10. Upon perusal of the impugned order it is manifest, that
the application seeking direction for DNA test has been filed prior to
6

recording of evidence of the parties. The respondent has refused for
the DNA test of herself and also of the child in the written reply and
also in her oral statement made before the Court. In addition to that,
she had also made a handwritten note in the order-sheet that she is
not willing for the DNA test. The Court has also observed in the
impugned order that the adverse inference of refusal for the DNA
test would be taken into consideration at the time of passing of the
final judgment.

11. It is condign to survey the proposition of law in respect
of prayer for DNA test in order to ascertain the paternity and
legitimacy of the child and infidelity of wife. At this juncture it is
useful to refer the provisions of Section 112 of the Evidence Act. It
reads thus:

“112. Birth during marriage, conclusive
proof of legitimacy- The fact that any person
was born during the continuance of a valid
marriage between his mother and any man, or
within two hundred and eighty days after its
dissolution, the mother remaining unmarried,
shall be conclusive proof that he is the
legitimate son of that man, unless it can be
shown that the parties to the marriage had no
access to each other at any time when he could
have been begotten.”

The word `access’ used in Section 112 of the Act was
considered by the Privy Council in the case of Karapaya Servai vs.
Mayandi, AIR 1934 PC 49 and it was held that it connotes only the
7

existence of an opportunity for marital intercourse, and in case such
an opportunity was shown to have existed during the subsistence of
a valid marriage the provision explained the same as a conclusive
proof of the fact that the child born during the subsistence of the
valid marriage, was a legitimate child.

12. The said judgment was followed by the Apex Court in
Chilukuri Venkateswarlu vs. Chilukuri Venkatanarayana, AIR 1954
SC 176. In the case of Goutam Kundu vs. State of W.B., (1993) 3
SCC 418 it was held by the Apex Court that the order for blood test
cannot be passed as a matter of course.

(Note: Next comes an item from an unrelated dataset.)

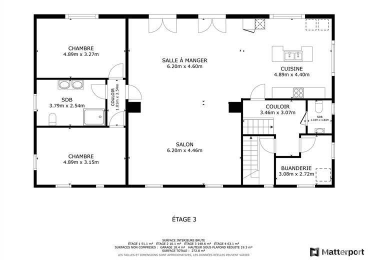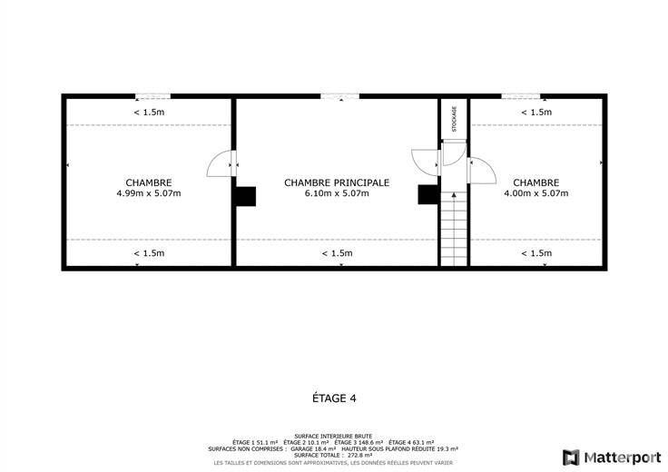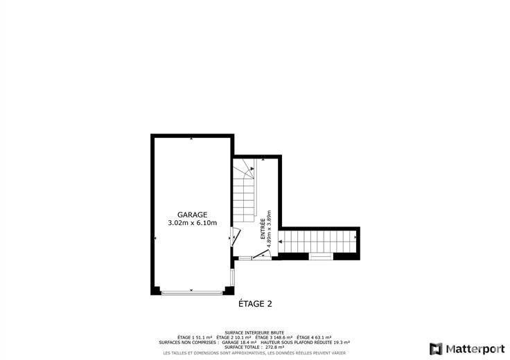 Au rez-de-chaussée, vous profitez d’un garage une voiture et d’un hall d’entrée. Le 1er étage séduit par un vaste séjour lumineux, une cuisine américaine équipée, 2 chambres, une salle de bain et un balcon. Le 2e étage complète le tout avec 3 chambres supplémentaires.

There must be a strong
prima facie case in that the husband must establish non-access in
order to dispel the presumption arising under Section 112 of the
Evidence Act. It was further held that no one can be compelled to
give sample of blood for analysis. In the case of Kamti Devi vs.
Poshi Ram, (2001) 5 SCC 311 in which it was held that the result of
a genuine DNA test is said to be scientifically accurate, but even
that it is not enough to escape from the conclusiveness of Section
112 of the Evidence Act.

13. In the case of Sham Lal vs. Sanjeev Kumar, (2009)12
SCC 454 it was held that the presumption under Section 112 of the
Evidence Act cannot be displaced by mere balance of probabilities..
or any circumstance creating doubt.

14. In the case of Sharda vs. Dharmapal (supra) the Apex
Court explained that the ratio of Goutam Kudus’ case (supra) was
not an authority for the proposition that under no circumstances the
Court can direct for blood test to be conducted.

8

15. In Selvi vs. State of Karnataka, (2010) 7 SCC 263 the
Apex Court held that no individual should be forcibly subjected to
any of the techniques whether investigation in criminal cases or
otherwise as it would amount an unwarranted intrusion into personal
liberty.

16. The Apex Court in the case of Dipanwita Roy vs.
Ronobroto Roy, (supra) where the High Court had already directed
for the DNA test, held in para 18 of the order while upholding the
order passed by the High Court by putting a caveat before passing of
the order regarding paternity test by DNA, observed thus :

“18. We would, however, while upholding
the order passed by the High Court, consider it
just and appropriate to record a caveat, giving
the appellant-wife liberty to comply with or
disregard the order passed by the High Court,
requiring the holding of the DNA test. In case,
she accepts the direction issued by the High
Court, the DNA test will determine conclusively
the veracity of accusation levelled by the
respondent-husband, against her. In case, she
declines to comply with the direction issued by
the High Court, the allegation would be
determined by the concerned Court, by drawing
a presumption of the nature contemplated in
Section 114 of the Indian Evidence Act,
especially, in terms of illustration (h) thereof.
Section 114 as also illustration (h), referred to
above, are being extracted hereunder:

“114. Court may presume existence of certain
facts – The Court may presume the existence of
any fact which it thinks likely to have happened,
regard being had to the common course of
natural events, human conduct and public and
private business, in their relation to the facts of
the particular case.

9

Illustration (h) – That if a man refuses to answer
a question which he is not compelled to answer
by law, the answer, if given, would be
unfavourable to him.”

This course has been adopted to preserve the
right of individual privacy to the extent
possible. Of course, without sacrificing the
cause of justice. By adopting the above course,
the issue of infidelity alone would be
determined, without expressly disturbing the
presumption contemplated under Section 112 of
the Indian Evidence Act. Even though, as
already stated above, undoubtedly the issue of
legitimacy would also be incidentally involved.”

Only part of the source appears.